How many nickels in a dollar, Elliot?
Babs teaches gin rummy


Everybody say "Go fish!"

*One of the arguments I frequently hear against public transporation is the issue of safety. On the trains and buses that I've taken in now 10 different cities I've never felt threatened or unsafe.

** Thanks Ani.



August 10-12: Lake Shore Limited and Maple Leaf -- Toledo-Cleveland-Buffalo to Toronto to New York City (27 hours, 953 miles)

This section of the trip was marked by early and inconvenient hours of departure and arrival, the companionship of three young ladies and customs inspections.

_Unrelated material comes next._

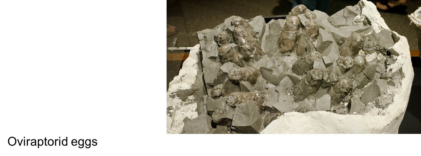 Mineralized eggs found in many dinosaur clutches (Lecture 22 and 23).

My sister Julia had never been on a train before, at least not an Amtrak train and we were due to leave Toledo at 3:20am. That is not a fun time to arrive at a train station. Nor is it a good time to experience your first train ride. A big part of riding trains, as I'm sure everybody knows, is looking out the windows at landscapes you've never seen before; landscapes that can't be viewed from a car window on an interstate. So much for that, eh Jules? When you finally board the train at 4:45 it is a only good time to lay sideways on adjacent seats and futily attempt to catch an hour or two's worth of shuteye. We made it to Cleveland quickly and then took naps.

After Cleveland and a lovely time on the southern edge of the most tempermental of the Great Lakes, I stepped onto the Lake Shore Limited for a third time. It was 5:40am. This time I was bound for Buffalo. My few hours here were rather uneventful and I can't even recall what I was doing during those few hours. My guess is a mix of reading Steinbeck's "In Dubious Battle" and watching youtube videos on my iPhone.

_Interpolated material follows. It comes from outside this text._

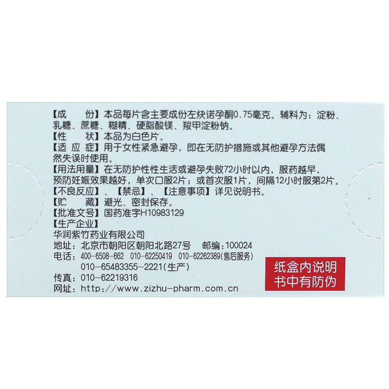 左炔诺孕酮片(毓婷片) 0.75mg*2s 华润紫竹药业有限公司

At half past ten I arrived in Buffalo-Depew. I had a few hours to kill before the Maple Leaf pulled in on its route from New York to Toronto. I inquired with the friendly man seated on a stool behind the wall of glass that separated Amtrak employees from the tired little passengers-that-could about places to eat nearby. I was surprised at all of the options available, because when we arrived I looked around and saw nothing resembling a restaurant. All I had to do was walk a mile, which at this point of my trip is a very nice sounding thing.

With delivery trucks speeding by and rippling my Buchanan plaid I made my way to your average looking shopping plaza. Points of interest in the plaza included a thrift store, a drugstore and a "breakfast served all day" type of joint. I made my way for the food and checked out the Thursday lunch specials. Nothing really jumped out at me so I resolved to order anything that I thought might be unique to Buffalo. Nothing. I re-resolved to order something unique to this particular restaurant. Nothing. Finally, I tripled down in an effort to find something that I'd never get in Portland and found what I was looking for: the fried bologna and onion sandwich. Mmmm, Buffalo. After lunch I strolled through the thrift shop and purchased an Edward Abbey book for a friend. Then a bubbly envelope at the drugstore to ship it in. After the excitement of the late morning I walked back to the station to wait for the Maple Leaf.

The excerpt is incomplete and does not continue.